Member Typedef Documentation

◆ Base

Base class.

Member Enumeration Documentation

◆ anonymous enum

anonymous enum
protected
Enumerator
RT 
MZ 

Constructor & Destructor Documentation

◆ StablePairFinder()

Constructor.

◆ ~StablePairFinder()

~StablePairFinder ( )
inlineoverride

Destructor.

Member Function Documentation

◆ compatibleIDs_()

bool compatibleIDs_ ( const ConsensusFeature feat1,
const ConsensusFeature feat2 
) const
protected

Checks if the peptide IDs of two features are compatible.
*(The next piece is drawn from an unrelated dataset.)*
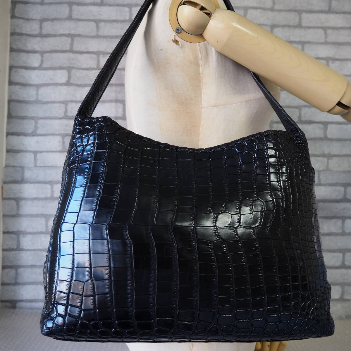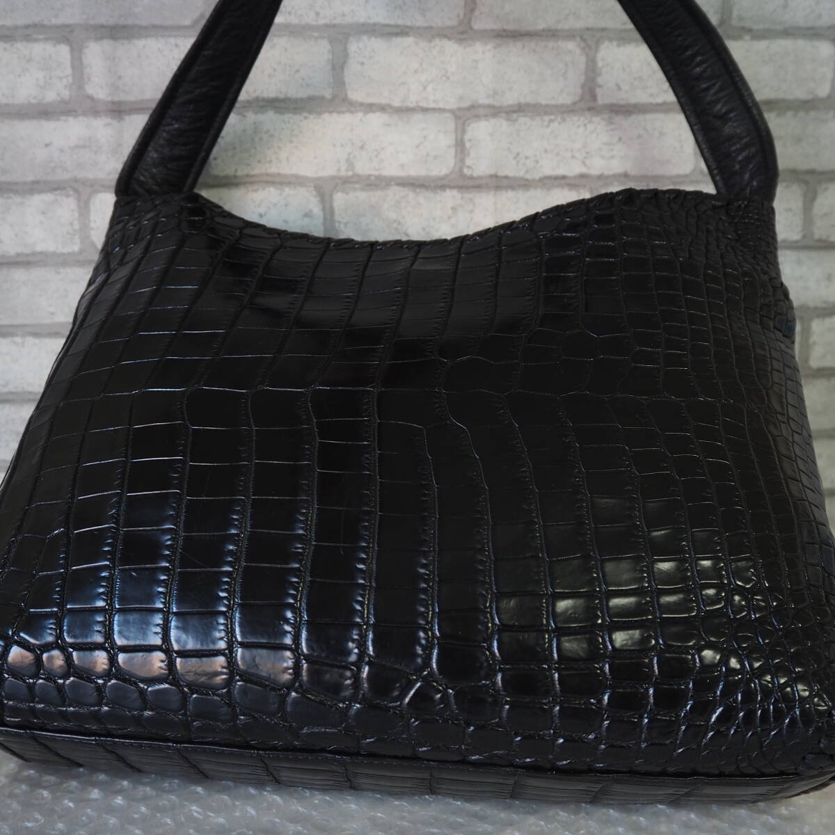 IBIZAのマットクロコダイルを使ったレザーショルダーバッグとなります。

A feature without identification is always compatible. Otherwise, two features are compatible if the best peptide hits of their identifications have the same sequences.

◆ create()

static BaseGroupFinder* create ( )
inlinestatic

Returns an instance of this class.

◆ getBestHitSequence_()

const AASequence& getBestHitSequence_ ( const PeptideIdentification peptideIdentification) const
protected

Returns the highest scoring peptide hit in the the given peptide identification.

Parameters
peptideIdentificationThe peptideIdentification to scan.

◆ getProductName()

static const String getProductName ( )
inlinestatic

Returns the name of this module.

◆ run()

void run ( const std::vector< ConsensusMap > &  input_maps,
ConsensusMap result_map 
)
overridevirtual

Run the algorithm.

Note
Exactly two input maps must be provided.
Exceptions
Exception::IllegalArgumentis thrown if the input data is not valid.
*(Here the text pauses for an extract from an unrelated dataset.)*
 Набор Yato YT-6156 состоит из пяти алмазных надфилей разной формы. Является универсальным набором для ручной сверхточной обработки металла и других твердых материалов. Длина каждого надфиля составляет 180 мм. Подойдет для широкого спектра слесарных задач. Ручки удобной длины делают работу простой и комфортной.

Implements BaseGroupFinder.

◆ updateMembers_()

void updateMembers_ ( )
overrideprotectedvirtual

This method is used to update extra member variables at the end of the setParameters() method.

Also call it at the end of the derived classes' copy constructor and assignment operator.

The default implementation is empty.

Reimplemented from DefaultParamHandler.

Member Data Documentation

◆ second_nearest_gap_

double second_nearest_gap_
protected

The distance to the second nearest neighbors must be by this factor larger than the distance to the matched element itself.

◆ use_IDs_

bool use_IDs_
protected

Only match if peptide IDs are compatible?